Ice on the platform works as follows.

In the frosty season, the temperature of the ice massif decreases with the help of thermosyphons 5 and 6. The buried parts 7 and 8 of thermosyphons 5 and 6 cool the ice of the central part 1 and the peripheral part 2 of the ice of the massif, and from the upper sections 9 and 10 of the thermosyphons 5 and 6 heat dissipates into the surrounding atmosphere. The recessed portions of 7 thermosyphons 5 located in the central part 1 and the recessed portions of 8 thermosyphons b located in the peripheral part 2 of the ice massif are hydraulically connected with the help of horizontal nozzles 11. This hydraulic connection leads to the equalization of the temperature of the ice surrounding the buried portions 7 and 8 of thermosyphons connected by horizontal nozzles 11. When the temperature of the ice around, for example, the buried portion 7 of thermosyphon 5 located in the central part decreases, the temperature exceeds The recessed portion 8 of the thermosyphon 6 located in the peripheral part, and the thermosyphons are connected by horizontal nozzles 11, the following occurs. The heat carrier of the buried portion of the thermosyphon located in the central part of the array has a greater density than in the peripherally located buried portion and, therefore, will flow through the nozzles located in the bottom zone of the platform into the buried portion of the thermosyphon located in the peripheral part of the array. On the pipes located in the platform area facing the upper surface of the array, the coolant will flow from the recessed area of the peripheral thermosyphon to the recessed area of the central thermosyphon. At the same time, the temperature of the ice surrounding the buried part of the thermosyphon of the peripheral part 2 will decrease, and the temperature of the ice around the buried part of the thermosyphon located in the central part of array 1. - to rise.

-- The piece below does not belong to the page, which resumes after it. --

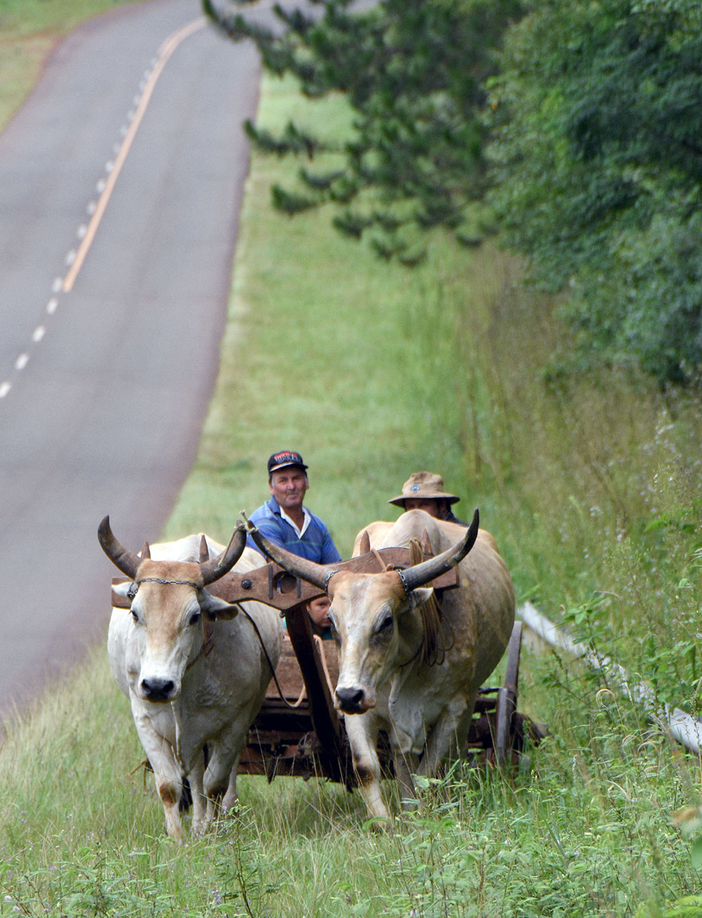 “Por iniciativa de un grupo de escritores de Puerto Iguazú, dos toros de 500 kilogramos cada uno desfilarían tirando una carreta. Era una buena idea. La carroza representaba a los colonos que con su trabajo en las chacras lograron desarrollar y fortalecer la economía de la provincia de Misiones. La carreta era bastante grande. Arriba del carro iban sentados dos escritores. Caminando a sus costados iban otros, vestidos muy elegantes, de traje, y con libros en sus manos.

At the onset of the warm period, the upper portions of the 9 and 10 thermosyphons are cut off. The shutdown occurs due to the fact that the coolant, enclosed in the upper frequent, takes the temperature of the surrounding air, which is higher than the temperature of the ice surrounding the buried parts 7

and 8. At the same time, the density of the coolant in the upper sections 9 and 10 becomes lower than in the buried areas 7 and 8, and the circulation of the coolant from the upper sections 9

and 10 thermosyphons to the recessed termination. In the same period, the outer surface of the platform is exposed to thermal heat dissipation.

Thermal resistance to external

0 the heat flux is determined by the heat exchange conditions on the upper surface of the platform and the outer surface of the ice protective sa 3, the thermal resistance of the ice protective sa 3 and the heat 5 of the insulating shell 4. An increase in the temperature of the peripheral part 2 of the ice mass leads to a temperature difference between the central part 1 and the peripheral part 2 of the ice

Q array. At the same time, the temperature of the ice surrounding the buried parts of 8 thermosyphons 6 located in the peripheral part 2 becomes higher than the temperature of the ice around the buried parts 7 of the thermo5 siphons 5 in the central part 1 of the massif.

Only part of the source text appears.